La Grèce a annoncé qu'elle n'acceptera aucune demande d'asile pendant un mois

Réfugiés : ce qui se passe réellement à la frontière turque

PHOTO/MAIXA ROTE - Pazarkule-Kastaníes (La Turquie)

Pazarkule-Kastaníes 

Il y a de la fumée. Beaucoup de fumée. Des centaines de feux de joie crépitent et grésillent dans le camp qui s'est formé sur le tronçon entre la Grèce et la Turquie. Respirer cette atmosphère est devenu presque un défi, car la fumée ne transporte que de l'air brûlé dans les poumons. Chaque respiration entraîne une inévitable sensation de brûlure et une envie incessante de tousser. Et tout autour, une multitude d'yeux regardent avec lassitude. Plus de 3 000 personnes sont réparties sur l'esplanade devant le poste frontière de Pazarkule-Kastaní, où les autorités grecques ont improvisé une clôture en fil de fer pour empêcher le passage.  

Ainsi, l'onde de choc qui a été générée après les attentats dans la province syrienne d'Idlib jeudi soir dernier, a provoqué une mobilisation massive dans tout le pays eurasien. Le gouvernement Erdogan a implicitement déclaré qu'il n'entraverait pas ceux qui voulaient passer en Europe : « Notre politique sur les réfugiés est la même qu'elle l'a toujours été, mais la situation est ce qu'elle est. Nous ne sommes pas en mesure d'arrêter les réfugiés maintenant », a déclaré le porte-parole de l'AKP, Ömer Çelik.
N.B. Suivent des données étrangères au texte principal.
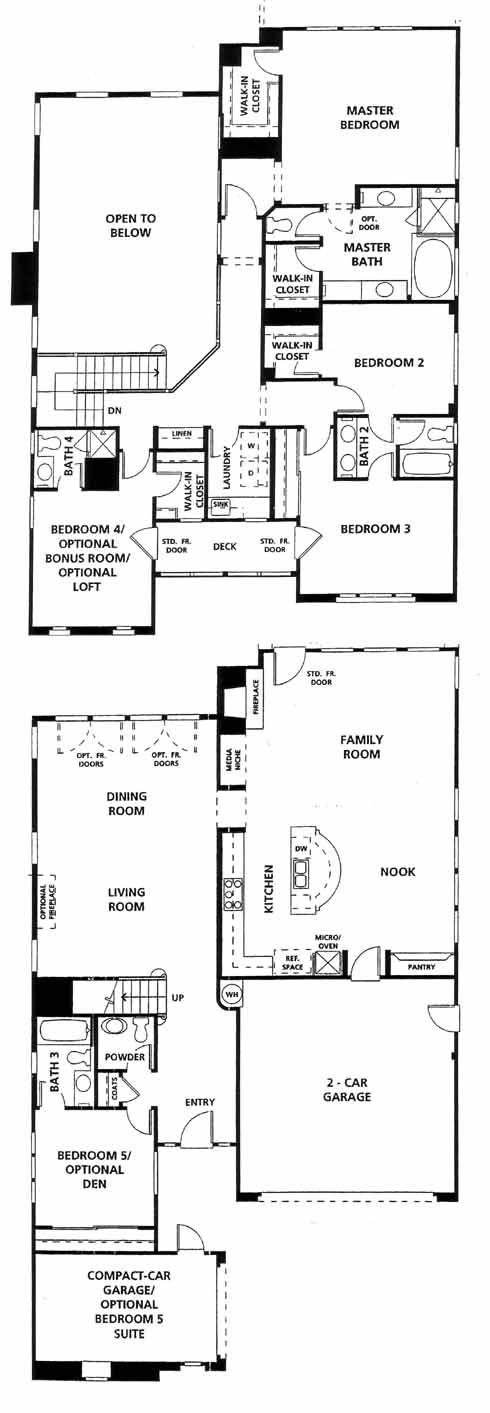 As you enter the home you'll immediately pass the 5th bedroom with bath on your left just before you come to the large living and dining room with optional fireplace. From here you can access the kitchen with island and the family room with fireplace and media niche. Upstairs you'll find the 2nd and 3rd bedrooms with Jack and Jill bath, 4th bedroom with bath and the stunning master bedroom and bath with his and her walk-in closets.

Avec cette phrase, l'écho des menaces présidentielles constantes concernant la gestion des migrations, revient comme un boomerang. Avec l'encouragement de la fin de l'accord anti-migration de 2016 signé avec Bruxelles, l'avertissement est rempli : « désormais, nous ne fermerons plus la frontière », qui avait été répété si souvent. Les dictons sont devenus des actes. Après tout, la Turquie accueille déjà plus de 3,7 millions de réfugiés sur son territoire.  

Refugiados sirios en Pazarkule-Kastaníes (Turquía)

L'ébullition derrière ces mots s'est faite par le biais de Facebook, Twitter et le soi-disant « bouche à oreille » dans la rue, ce qui a fait que la nouvelle s'est répandue comme une traînée de poudre. Moins de 24 heures après que l'armée turque ait affronté les forces de Bachar al-Asad, des milliers de réfugiés se dirigeaient déjà rapidement vers la zone frontalière entre la Grèce et la Bulgarie. Certains en taxi, d'autres à pied ; mais la grande majorité de ceux qui ont réussi à atteindre la frontière l'ont fait grâce aux bus qui - officieusement - ont été financés par Ankara.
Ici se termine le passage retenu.